I'm using a bytea field to store small images in base64. I need to
know if I can compare bytea rows for equality. To know for example if
the file already exists in the database, this is possible with bytea?

Best Regads,

#2Andy Colson
andy@squeakycode.net
In reply to: Andre Lopes (#1)
Re: Using bytea field...

On 3/8/2011 12:28 PM, Andre Lopes wrote:

Hi,

I'm using a bytea field to store small images in base64. I need to
know if I can compare bytea rows for equality. To know for example if
the file already exists in the database, this is possible with bytea?

Best Regads,

You dont need to use both base64 and bytea.
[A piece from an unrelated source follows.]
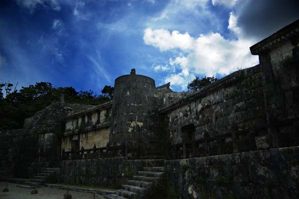 モノレール終着駅を降りてから1キロほど、大きな石垣が見えてくる。

You can store base64 in
text field... or just store the photo as-is into bytea.

To answer your question: it would be faster if you computed an md5 (or
sha or whatever) and stored it in the db, then you could check to see if
an image exists by searching for the md5, which would be way faster, an
send a lot less data over the wire.

-Andy

#3David G. Johnston
david.g.johnston@gmail.com
In reply to: Andre Lopes (#1)
Re: Using bytea field...

Not sure if it is possible directly but have you considered (or you might have to) generating an MD5 hash of the data (possibly after encoding) and then comparing the hashes? For a small image it may not matter but if you plan on making the check with any frequency (and multiple times against the same record) doing a one-time hash generation is going to be quite a bit more efficient.

Just make sure you know how you are going to keep the hash and the binary contents in-sync.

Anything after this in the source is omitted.